The first of these categories is voice emotion analytics. These are companies that can process an audio file containing human speech, extract the paralinguistic features and interpret these as human emotions, then provide an analysis report or other service based on this information.
audEERING is an audio analysis company based just outside of Munich, Germany, that specialises in emotional artificial intelligence. Their team are experts in voice emotion analytics, machine learning and signal processing, and many of their founders have PhDs. Since 2012, they have carried out projects for major brands in many industry verticals, including market research, call centers, social robotics, health and many more.
Their product portfolio comprises software systems for automatic emotion and speaker state recognition from speech signals and methods for music signal analysis. They offer a range of commercial web-APIs, mobile SDKs, and embedded Linux and Windows SDKs.

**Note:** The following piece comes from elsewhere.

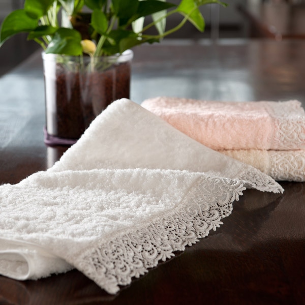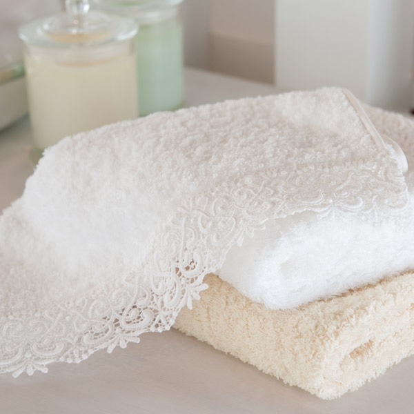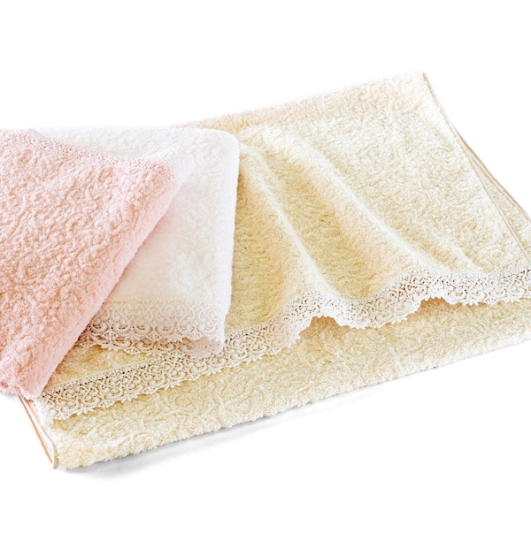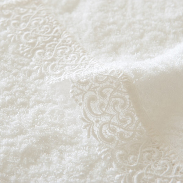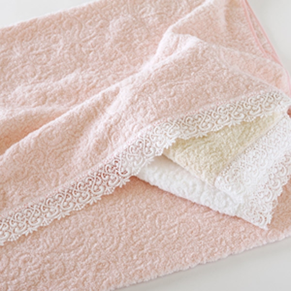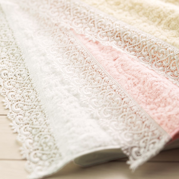 超長繊維綿(ホットマンオリジナルブレンド糸)を使用した、やわらかな風合いのかわいらしいタオル。蔦に実がなり、絡み合う様子を表現した模様のタオルに、繊細で華やかなレースをあしらいました。

A very research-oriented company, audEERING are also the developers of openSMILE, an open source research toolkit for audio feature extraction. It is the most widely-used tool for emotion recognition tasks in research and industry, and considered the state-of-the-art in affective computing for audio. audEERING are also responsible for creating the GeMAPS standard acoustic parameter recommendation, a research project that aimed to identify the most effective audio features for use in emotion recognition tasks. The feature sets defined in GeMAPS are easily imported within openSMILE. which standardises their implementation across research projects.
audEERING produce a number of packaged products too, including:
Audiary – a voice enabled diary that allows patients with chronic diseases to record the state of their health, and log their medical adherence. The sensAI technology it incorporates offers a complete analysis of the user’s emotional state.

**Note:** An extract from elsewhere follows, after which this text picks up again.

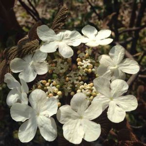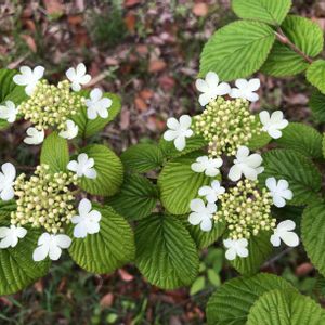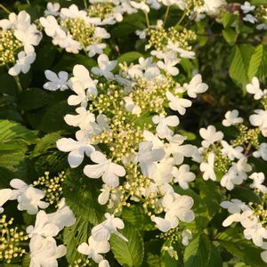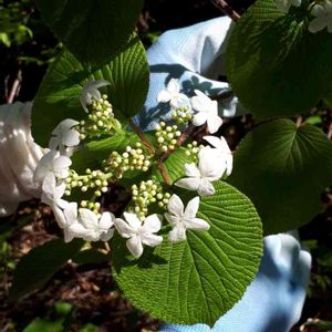 No.51 オオカメノキ 和名:大亀の木 別名:ムシカリ(虫狩) ガマズミ科ガマズミ属 周辺の白い花は装飾花で、実のならない不稔花🎵 中心にあるのが実のなる正常花🎵 秋には真っ赤な実をつけます🎵 別名は、葉が虫に食べられやすく、「虫喰われ」からの転訛といわれる☀️

CallAIser – a call centre speech analysis software that reports the parameters of telephone conversations such as duration and relative share of the dialogue, along with the speakers’ mood and the atmosphere of the conversation. This can detect and prevent escalations before they happen, allowing a more experienced call centre agent to take over and calm the situation down.
sensAI-Music – software that automatically detects tempo, meter, tune and vocals, and calculates the genre of a track, as well as its emotional setting. sensAI-Music helps DJs with planning set lists and dealing with large music databases, and allows for synchronisation of music tracks, with videos, lighting effects, and animated avatars.
“When the interaction is frictionless and seamless, you’re actually more happy with it, you’re less stressed, because it just feels natural.” Florian Eyben, CTO of audEERING
Beyond Verbal was founded in 2012 in Tel Aviv, Israel by Yuval Mor. Their patented voice emotion analytics technology extracts various acoustic features from a speaker’s voice, in real time, giving insights on personal health condition, wellbeing and emotional understanding. The technology does not analyze the linguistic context or content of conversations, nor does it record a speaker’s statements. It detects changes in vocal range that indicate things like anger, or anxiety, or happiness, or satisfaction, and cover nuances in mood, attitude, and decision-making characteristics.
Beyond Verbal’s voice emotion analysis is used in various use cases by clients in a range industries. These include HMOs, life insurance and pharma companies, as well as call centres, robotics and wearable manufacturers, and research institutions. An example use case would be to help customer services representatives improve their own performance, by monitoring the call audio in real-time. An alert can be sent to the agent if they start to lose his/her temper with the customer on the phone, making them aware of their change in mood, and affording them the opportunity to correct their tone.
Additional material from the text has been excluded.